Bengaluru/Washington: India’s largest information technology (IT) outsourcing companies, including Tata Consultancy Services Ltd (TCS), Infosys Ltd and Wipro Ltd, have reduced their dependence on H-1B visas over the last three years, a US daily reported, reflecting these companies’ preparations to tackle the protectionist approach followed by the current US administration of President Donald Trump.
According to data analysed from 2015 to 2017 by San Francisco Chronicle, Wipro saw a 52.4% drop in number of visa applications filed by the company over the three-year period while TCS reported a 18.3% decline and Infosys saw 38.1% reduction. Wipro applied for only 5,812 visa applications for engineers to work in the US in 2017, while TCS applied for 13,537 and Infosys filed for 20,587 applications, according to data gathered from US Department of Labour by the US daily.
This decline in number of visa applications mirrors the commentary from each of the IT firms. Wipro, for example, claims that over 55 percent of the 13,000 people employed by the company in the US are local American citizens.
“Indian consulting firms, which have been accused of flooding the system with applications, have dramatically reduced their filings. Foreign nationals are exhibiting new reluctance to make the jump to a US company,” the paper said as the process for filing H-1B visa application for the 2019 fiscal beginning 1 October, started on 2 April.
Still, since the decline in number of applications made by Indian IT firms was most in the last year, the paper noted that the Trump administration’s hard-line anti-immigration stance is taking its toll.
The H-1B visa is a non-immigrant visa that allows US companies to employ foreign workers in speciality occupations that require theoretical or technical expertise.

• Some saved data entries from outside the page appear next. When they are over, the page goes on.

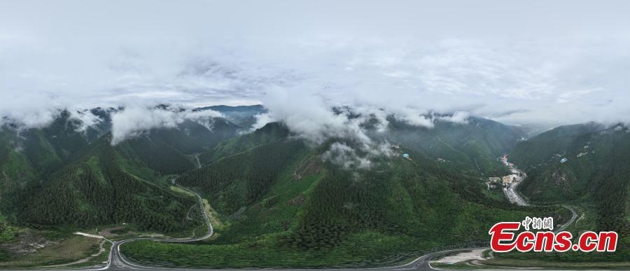 A sea of clouds hover over Xinglong Mountain after summer rain, forming a magnificent landscape in Lanzhou, northwest China's Gansu Province, June 28, 2022. (Photo: China News Service/Zhao Xiangjun)
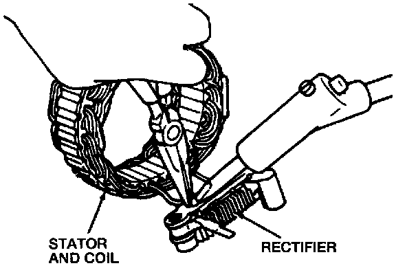 Use only rosin core solder. Hold the stator and coil leads with a pair of needlenose pliers when soldering. The pliers act as a heat sink, and will protect the diodes. Do not solder for more than 5 seconds.
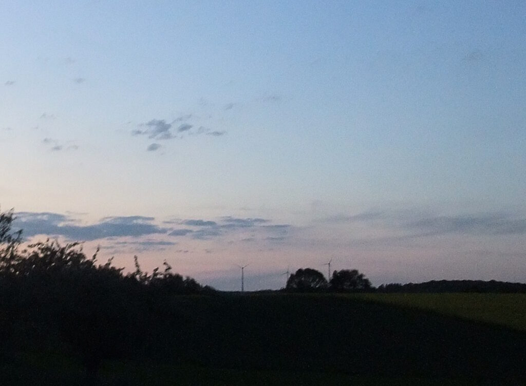 Mild windig, Wolken harmlos, der Regen fällt traditionell auf den Höhen und wird bis morgen weitergezogen sein. Dann ist der große Törn; das Wenige, was zu tun ist, ist getan. Ruhe und Ernährung. Salat und Joghurt nach der Bolognese. Gleichzeitig gespannt und entspannt – ich bin die Strecke schon dreimal gefahren. Um 7 muss ich auf dem Rad sitzen, dann schaff ichs vor der Finsternis zurück.

Envoy Global, a technology-oriented immigration services provider, reports that 26% of employers it surveyed have had to delay projects, and 22% of them have relocated work overseas as a result of the current uncertainties in the US immigration system, San Francisco Chronicle said.
The daily argued that study after study has shown that foreign-born workers are good for the US economy and good for US-born workers.
“When companies are allowed to hire the workers with the best skills for the job—regardless of where those workers happen to have been born—their increased competitiveness boosts all the industries around them,” it said.
According to The Wall Street Journal, evidence suggests market demand for H-1B visas is ebbing. Daniel Culbertson, economist at Indeed Hiring Lab, says “searches related to the H-1B visa, as a share of all searches on Indeed.com, have consistently declined through 2017 and into 2018. In February 2018, searches for H-1B as a share of all searches on our site are down nine percent from the 2017...This also marks the thirteenth consecutive month of year-over-year declines. The decreased interest in H-1B related work from job seekers is a trend, not a temporary shift in preferences,” he added.
The Wall Street Journal said corporations continue to struggle with a paradoxical labour market where 548,000 tech jobs remain open while unemployment in the technology sector hovers below full employment levels.
“There are lots of jobs, but not enough workers to fill them,” it said.